The organization or group which puts forth a claim to own the sites will be asked to file a Motion to Intervene and to file amicus briefs in the case within 30 days. The briefs according to Judge Wingate should focus on the matter of determining whether or not associational standing fits the case.

The Present Situation

Further to the hearing on 6th, another hearing was conducted in Frankfort, Kentucky, on December 13th. But, no ruling was executed on iMEGA’s Motion to Intervene. On December 17th, Judge Wingate was supposed to give his verdicts regarding which domains are to be permanently handed over to the state of Kentucky. This was to be decided after considering which domain owners have obeyed his order to ban Kentucky online gamblers. He issued an Order of Abeyance, thereby calling a freeze which would maintain the status quo of the case for 30 days.

Reactions Of The Parties Involved

Another important fact worth noting is that Judge Wingate acknowledged that Yatahay Limited owned TruePoker.com. According to him even if another company may operate the TruePoker.com website, iMEGA has proved that Yatahay Limited owns TruePoker.com. “But it is still unclear whether associational standing applies here in an in rem proceeding,” he said. Earlier the affidavits’ authenticities, which were filed to prove that Yatahay Limited was a member of iMEGA, were fervently questioned by The State.

The iMEGA Chairman Joe Brennan asserts, “It seems by the court’s brief that they’ve accepted that iMEGA has met the requirements for associational standing as laid out by the State Supreme Court.”

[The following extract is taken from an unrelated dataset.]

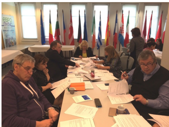
TAM training "Development of competence-based PhD and Master Programmes", 23-24 March 2016, EU Delegation to Russia

The HERE team comprises 15 members, five men and ten women (which reflects the overall gender situation in Russian higher education). The experts' profiles include one rector, four vice-rectors for international relations, three vice-rectors for quality assurance/research, five heads/directors of International relations units/international projects departments/units/centres, one head of academic mobility office and one department head. They represent the geographic diversity of HE institutions in the country (covering most Federal Regions, namely the Central, North-Western, Siberian, Urals, Southern and Volga Federal Regions). The HEREs work at leading universities in their regions, their institutions having an established reputation and traditions that are recognized by their peers, not only regionally but also on the national level.

Considering the tactics used by the lawyers, it is rather evident that they are playing unfair with the online gambling industry. They have tried to evade proper defense for the owners of the domain names. Besides this, there have been unprofessional ways used for getting information which can increase the controversy of a very superficial case. In the end what matters is to see if it will be discerned appropriate to allow an association to intervene in an in rem matter like the one in this controversial Kentucky case.